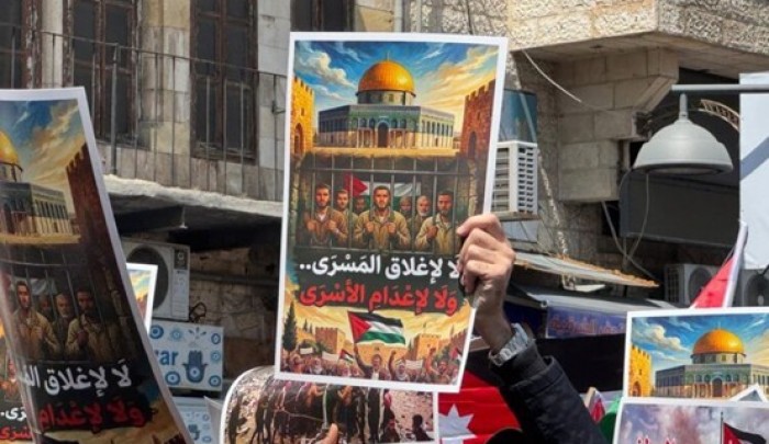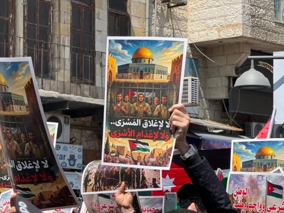 انطلقت مسيرة جماهيرية حاشدة في العاصمة الأردنية عمّان بمشاركة مئات الأردنيين بعد ظهر اليوم الجمعة 10 نيسان/ إبريل، رفضًا لإغلاق المسجد الأقصى المبارك، واحتجاجًا على قانون إعدام الأسرى، الذي اعتبره المشاركون جريمة حرب وانتهاكًا صارخًا للقانون الدولي.
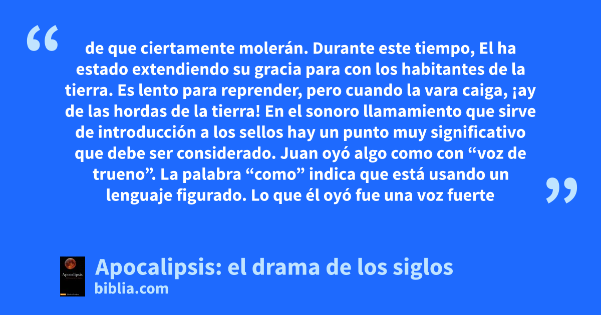 de que ciertamente molerán. Durante este tiempo, El ha estado extendiendo su gracia para con los habitantes de la tierra. Es lento para reprender, pero cuando la vara caiga, ¡ay de las hordas de la tierra! En el sonoro llamamiento que sirve de introducción a los sellos hay un punto muy significativo que debe ser considerado. Juan oyó algo como con “voz de trueno”. La palabra “como” indica que está usando un lenguaje figurado. Lo que él oyó fue una voz fuerte
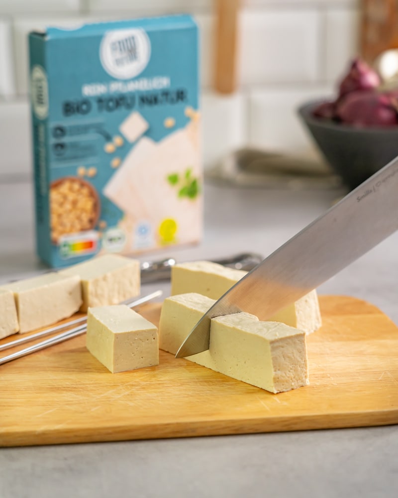 Inzwischen Grill vorheizen oder eine Grillpfanne auf den Herd stellen. Tofu trocken tupfen, in mundgerechte Stücke schneiden. Sojasauce, Öl, Curry, Kurkuma und Orangensaft verrühren. Tofu auf Metallspieße stecken und rundherum mit der Marinade einpinseln. Übrige Marinade beiseitestellen.

• _Problem statement_
When copying the listing above, begin at its first line and stop after the line with "de que ciertamente", keeping each line exact and dropping the pictures.

• _Expected output_
 انطلقت مسيرة جماهيرية حاشدة في العاصمة الأردنية عمّان بمشاركة مئات الأردنيين بعد ظهر اليوم الجمعة 10 نيسان/ إبريل، رفضًا لإغلاق المسجد الأقصى المبارك، واحتجاجًا على قانون إعدام الأسرى، الذي اعتبره المشاركون جريمة حرب وانتهاكًا صارخًا للقانون الدولي.
 de que ciertamente molerán. Durante este tiempo, El ha estado extendiendo su gracia para con los habitantes de la tierra. Es lento para reprender, pero cuando la vara caiga, ¡ay de las hordas de la tierra! En el sonoro llamamiento que sirve de introducción a los sellos hay un punto muy significativo que debe ser considerado. Juan oyó algo como con “voz de trueno”. La palabra “como” indica que está usando un lenguaje figurado. Lo que él oyó fue una voz fuerte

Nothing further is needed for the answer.